Residences like the ones Staggs built were the staple of the postwar residential construction boom in Arizona. Low-pitched roofs, slump block walls, integral carports and wide, horizontal windows to maximize daylight.
Through the neighborhoods, curved roads mimicked country lanes. Cul-de-sacs were incorporated into the suburban street design at the behest of the FHA to slow traffic, increase safety and decrease noise.
In the 1950s, a Staggs-Bilt home could be purchased for $11,000 to $15,000. By the early 1970s, with rising inflation filling the sails of homeowners, Staggs-Bilt homes were priced higher from $14,950 to $19,500.
Picking Up the Trade
Although he would never graduate from high school, Staggs entered his trade early at age 14. The junior craftsman went to work for his father, Clyde, who was also a Phoenix homebuilder. The senior Staggs built eight homes in the Valley between 1924 and 1930 but fell out of the business when credit dried up during the Great Depression.
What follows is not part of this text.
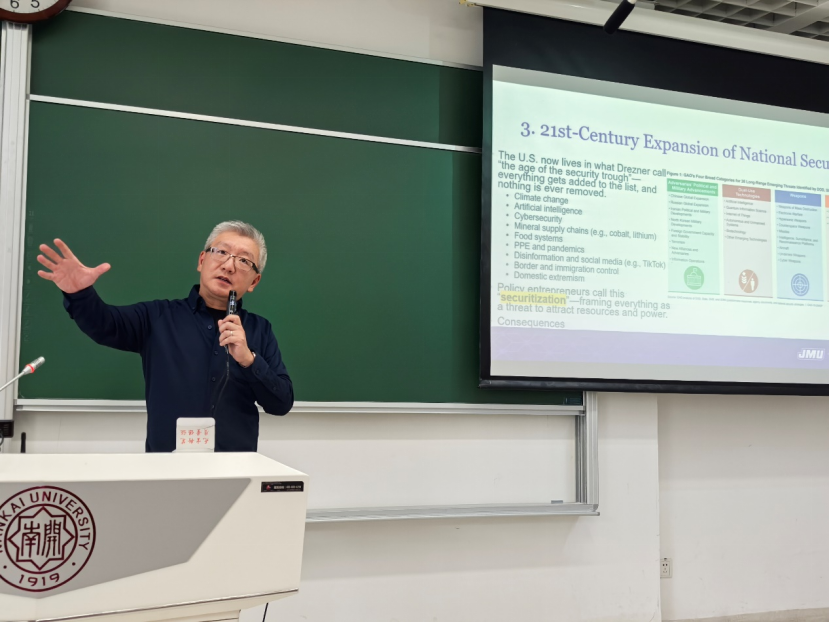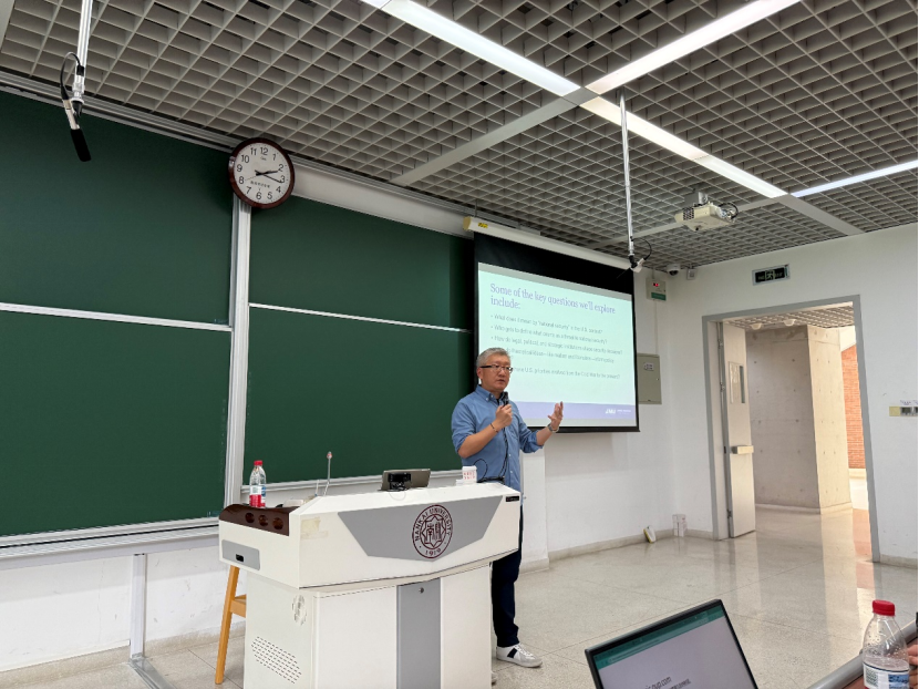 作为政治心理学、对外政策分析和中美关系等研究领域的知名专家,杨溢教授以“美国国家安全政策”为分析对象,从“国家安全”概念、国家安全政策决策过程和当前涉及美国国家安全的主要辩论与核心困境等方面入手,从理论上深入解析了美国安全政策的形成和演变逻辑,同时又注重将理论知识应用到对热点问题的分析中,有效激发了学生从学理视角系统性认识美国国家安全战略的热情。师生还针对美国精英对华认知演变、“泛安全化”与国内政治的关系,以及国际关系论文写作等问题展开了深入交流,课堂学术氛围浓厚。

Prior to the war, Ralph Staggs worked on a crew building Thunderbird Field I in Glendale for the U.S. Army Air Corps. Staggs also would take a job as a construction foreman in the E.W. Duhame Construction Company and later in the Del E. Webb Corporation as an assistant job superintendent.
After serving in the Navy Seabees construction battalion (CBs) during WWII in the South Pacific, Staggs began building homes for himself and others in Prescott in 1946. Encouraged by quick success and profit, he soon realized that favorable weather in the Valley would allow him to build homes here year round. He opened up shop as a home builder in Phoenix in 1949.
Staggs’ first Phoenix home was completed in December 1949 at 2222 N. 29th Street, Phoenix, in the Sandige Square development. The Staggs-Bilt homes on this block sold for around $6,250.
Shifting Into High Gear
Builders of the era, like Staggs, entered the market amid a confluence of favorable events: returning GIs, easy business credit, growing Valley population, and postwar optimism. During this period, the Valley’s economy was shifting from agriculture to industry. Major employers like Motorola, Kaiser Aluminum, General Electric and Sperry-Rand each had thousands of employees in Phoenix by the 1960s. Those employees were ready to buy middle-class homes. High wages at Motorola drew home builders to Scottsdale.
In 1958, Staggs’ corporation purchased 320 acres of land directly east of Papago Park which, Staggs claimed, was the largest parcel purchased by an Arizona developer to date. It would be developed into the Papago Parkway and New Papago Parkway subdivisions.
By 1960, Staggs-Bilt had 8,000 homes completed or under construction in Phoenix and Prescott. The firm was erecting houses at a rate of 1,000 homes annually. The now-veteran builder had amassed a construction workforce of 1,100 subcontractors and employees with expenditures over $16 million annually.
With the growth, Staggs diversified his construction business in the 1960s into a machining firm based at Falcon Field in Mesa. In 1967, a subsidiary, Staggs-Bilt Products Inc., had 116 employees. The manufacturer made aluminum casings for searchlights and early-generation night vision binoculars. Both products were supplied to military contractors during the Vietnam War. Staggs also created and marketed lever-action rifle prototypes through a branch called Staggs-Bilt Firearms.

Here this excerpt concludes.